Sunday, June 28, 2015

#108: Make time.

We all get 24 hours in a day. We get to choose how we spend it. We get to choose who we spend it with. 

We choose - choose wisely! Choose with intent and passion. Choose with your heart and your brain. Choose with a sense of adventure and spontaneity. Choose with enthusiasm and curiosity. Choose for your health and happiness. Choose for YOU! 

Sunday, May 10, 2015

#107: A mother's heart never stops growing.

Since today is Mother's Day, it seems only fitting that I should teach you something. Today's lesson is that you will NEVER fully understand how much I love you. I am amazed myself that my heart continues to expand...sometimes it feels like it will just burst...and my love for you will NEVER stop growing. All I can say is THANK YOU.

Thank you for accepting that I'm not perfect.
Thank you for making me stronger than I ever imagined possible.
Thank you for loving me.
Thank you for recognizing my strengths.
Thank you for trying your best.
Thank you for making me proud.
Thank you for showing me what fun really is.
Thank you for constantly reminding me what is truly important.
Thank you for your questions.
Thank you for your inspiration.
Thank you for following directions.
Thank you for pressing my buttons.
Thank you for pushing boundaries.
Thank you for your creativity.
Thank you for helping me feel important.
Thank you for being kind.
Thank you for snuggling.
Thank you for the continuous compliments.
Thank you for understanding life isn't always fun or fair.
Thank you for allowing me to be your safe place.
Thank you for loving each other.
Thank you for all of my hugs.
Thank you for all of my kisses.
Thank you for all that you will become.
Thank you for following your heart and being passionate.
Thank you for giving back and knowing how to help others.
Thank you for your flexibility.
Thank you for your ability to be friends with everyone.
Thank you for recognizing that our differences are our unique strengths.
Thank you for accepting help.
Thank you for smiles and laughter.
Thank you for EVERYTHING...
...most of all thank you for BEING YOU!

You make me better. You make me stronger. You make me want to be wonderful. You make me proud. You make me thankful everyday for my many blessings. I can't imagine a world without each of you. Our family is perfect...and my love for each of you will NEVER stop growing. THANK YOU!



Sunday, April 5, 2015

#106: Lent Reflections - Week Six - EASTER




















Lesson - Watch out for hollow Easter bunnies.

This final week of Lent has continued to open my eyes to setting priorities.

I kept my gym appointments, even with our busy schedules and other commitments. We replaced our dishwasher, even though I really want to buy a couch. It's all about priorities...

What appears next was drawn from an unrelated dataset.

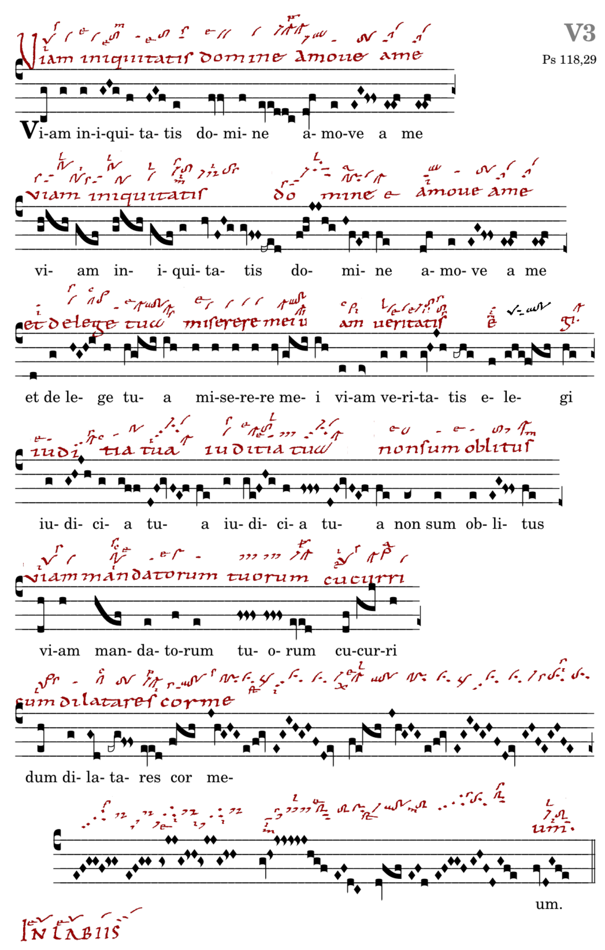 V3. Viam iniquitatis domine amove a me / viam iniquitatis domine amove a me / et de lege tua miserere mei viam veritatis elegi / iudicia tua / iudicia tua non sum oblitus / viam mandatorum tuorum cucurri / dum dilatares cor meum.

I hope you go to church and can feel like the pastor is talking directly to you. It is an amazing feeling. I don't get it every week...but usually if I can calm my heart and really ask for God to show me how I can learn, I will hear it...today it was crystal clear. I went to the outdoor sunrise service (6:15am) with a neighbor/friend and it was a perfect morning. Crisp but not cold. The music was beautiful. I think I'm safe to estimate that there were hundreds of people there to hear the good news that HE IS RISEN. I've heard this message many times and in many ways...but I specifically asked God to show me what He needed me to learn to carry forward as my Lent journey came to a close...and He did!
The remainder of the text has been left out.